Minister Livnat: My nephew was killed by a terrorist disguised as a Palestinian policeman
Hundreds attend the funeral of Ben-Joseph Livnat Sunday, killed by a Palestinian security officer leaving Joseph's Tomb near the West Bank city of Nablus earlier that day.
Hundreds attended the funeral of Ben-Joseph Livnat Sunday, who was killed and three others were wounded earlier in the day when a Palestinian security officer opened fire on their car as they were leaving the holy site of Joseph's Tomb near the West Bank city of Nablus.
The funeral procession left Alon More near Nablus, heading toward the Mount of Olives Graveyard. Livnat, 25, is the nephew of Science and Culture Minister Limor Livnat, and is survived by his wife and four children.
The culture minister, accompanied by her parents at the funeral, said that her "nephew was killed by a terrorist disguised as a Palestinian policeman, through no fault of his own, just because he wished to pray.
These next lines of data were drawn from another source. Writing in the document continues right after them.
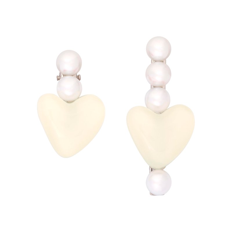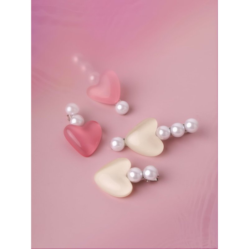 - Classic alligator clip, irregular mismatched style, resin heart pendant with pearl details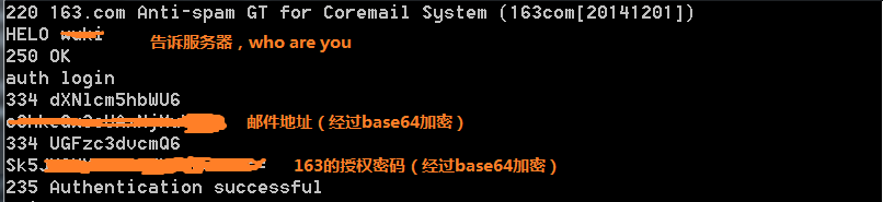 //2. 授权登录服务器,要先后输入你的邮件地址和163邮箱的授权密码。(并且这两个信息要经过base64加密,你可以自己搜索base64就出来了)。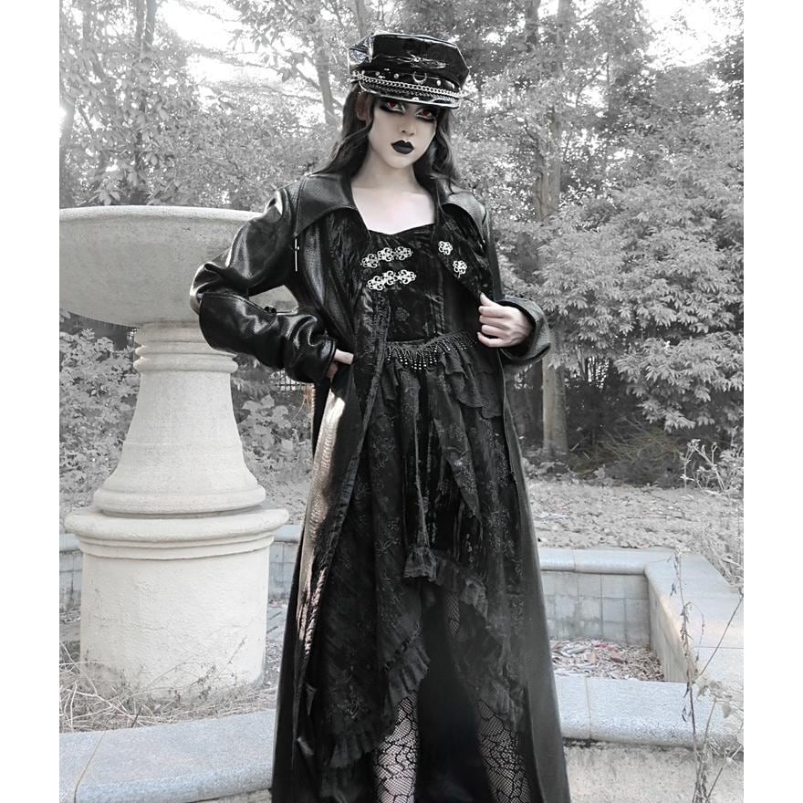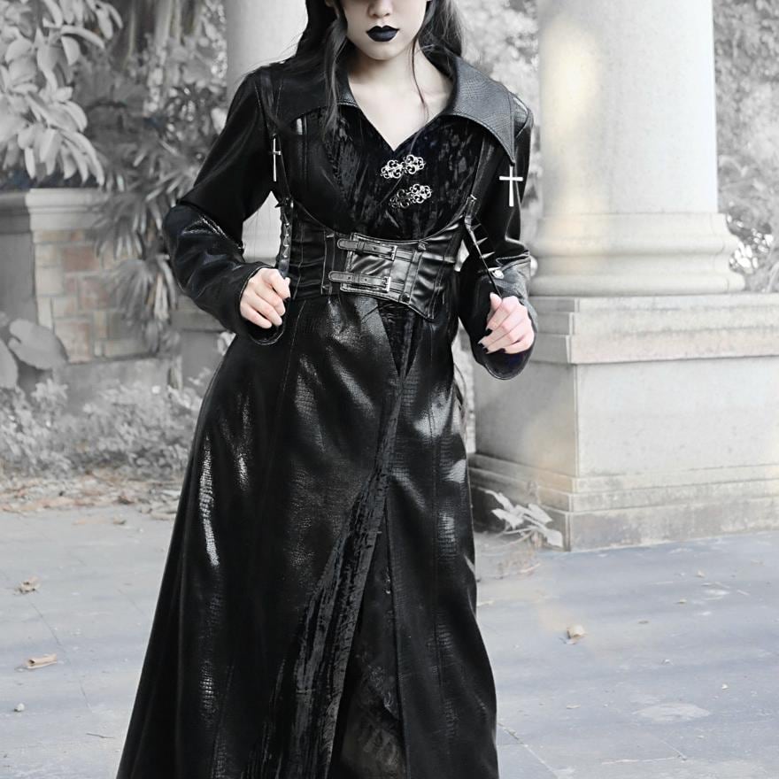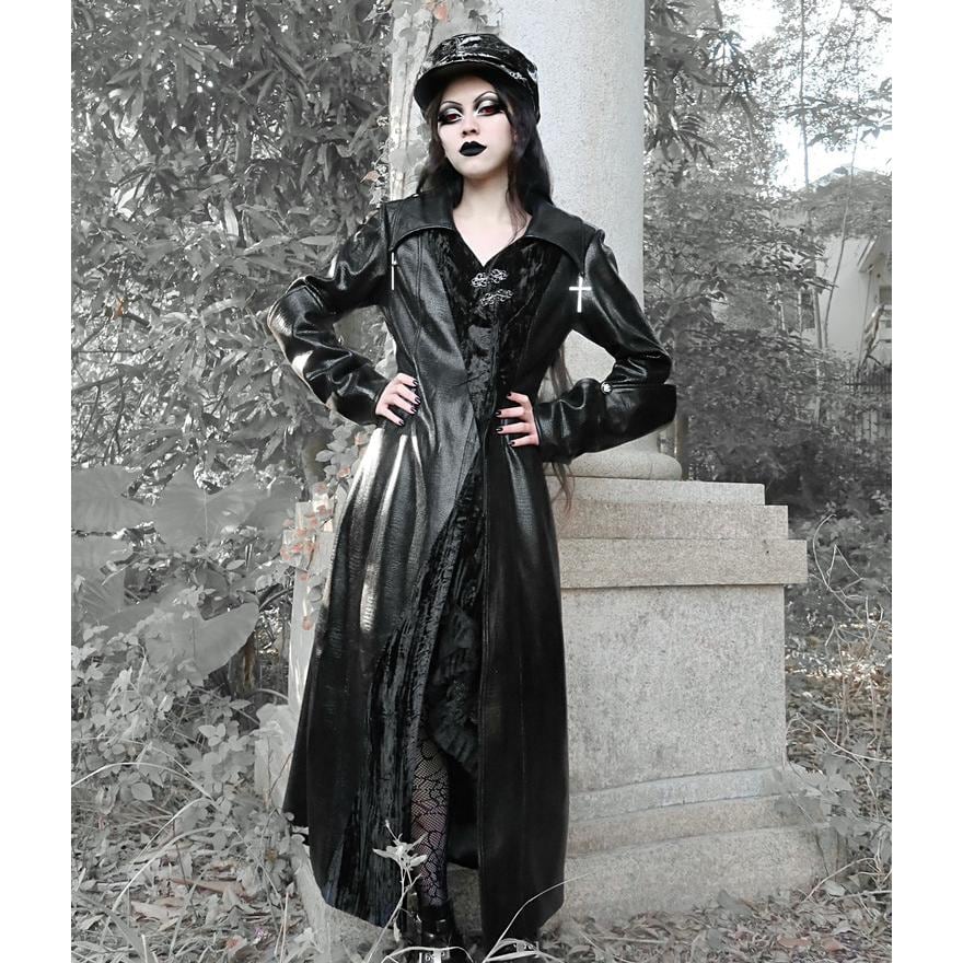 サブカル 服 地雷系 通販 BLOOD ロング ジャケット コート 長袖 PUレザー 十字架 チャーム 暗黒 かっこいい クール バンギャ サブカル服

He was a person who just wanted to do good."
She tearfully added "my nephew was named for Shlomo Ben-Joseph who sacrificed his soul for the land of Israel, and now my nephew has been murdered for the land of Israel, my dear son."
The minister recalled how she "woke up this morning to a call from Ben-Joseph's mother, telling me he was killed by a terrorist dressed as a Palestinian policeman, and this is cold blooded murder."
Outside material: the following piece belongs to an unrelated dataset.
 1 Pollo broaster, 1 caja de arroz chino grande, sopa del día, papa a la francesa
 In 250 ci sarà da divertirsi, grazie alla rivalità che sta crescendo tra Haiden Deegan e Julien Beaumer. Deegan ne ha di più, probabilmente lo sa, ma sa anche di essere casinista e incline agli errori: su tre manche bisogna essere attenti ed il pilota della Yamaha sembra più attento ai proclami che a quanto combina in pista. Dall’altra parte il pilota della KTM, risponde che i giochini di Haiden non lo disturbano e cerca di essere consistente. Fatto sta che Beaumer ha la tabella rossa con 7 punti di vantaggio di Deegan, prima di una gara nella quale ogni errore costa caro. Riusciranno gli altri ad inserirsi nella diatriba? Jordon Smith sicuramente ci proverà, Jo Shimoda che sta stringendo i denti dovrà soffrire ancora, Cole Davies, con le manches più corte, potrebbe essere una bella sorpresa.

She said that all her nephew was trying to do was pray, and he was only killed "because he is Jewish".
Livnat's father, Noam Livnat, spoke at the funeral that took place on Sunday afternoon because of the Passover holiday that begins in the evening.
The bereaved father eulogized his son, saying "how wonderful is my lot, that I was blessed with such a son." He said that revenge for Livnat's death "would not be relevant," saying this is only one murder in many wars that must be avenged, and "the revenge that is needed is not new."
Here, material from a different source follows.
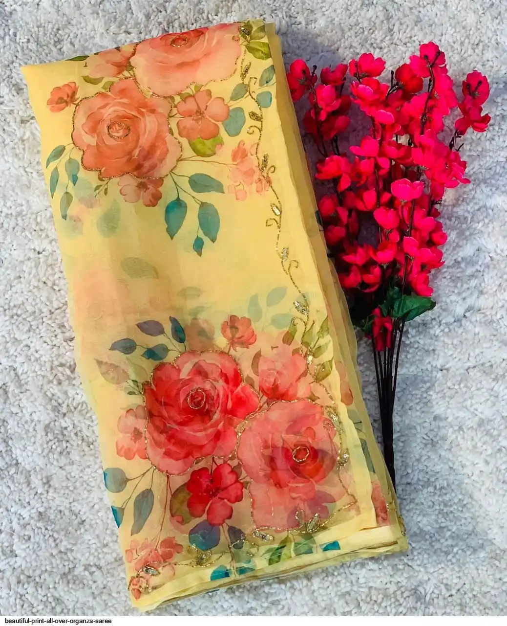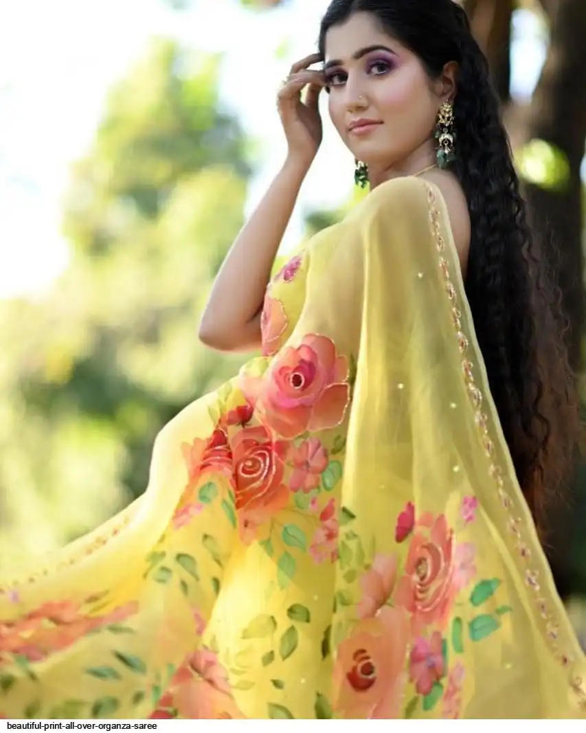 Beautiful print all over organza fabric with heavy handcrafted work all over and yellow silk blouse

During and after the funeral, many of the funeral participants clashed with Palestinians in the West Bank village of Hawara.
The Israelis approached the village and began throwing stones at Palestinian vehicles, lightly wounding a child. The angry youth torched a car and tried to burn down a house, but were stopped after large security forces were deployed in the area.
The Israel Defense Forces officially pulled out of Joseph's Tomb in 2000, at the beginning of the second Palestinian Intifada.
Following years of closure, Jewish worshipers are now able to enter Nablus often with a military escort to pray at the small building traditionally identified as the tomb of the biblical Joseph, located inside a Palestinian-ruled area.
Those visits are coordinated with Palestinian security forces. The Israelis' entrance on Sunday, however, appeared not to have been cleared with either side.
Israeli and Palestinian security forces in the West Bank have close ties. A meeting between the sides was scheduled later Sunday to discuss the incident, the military said.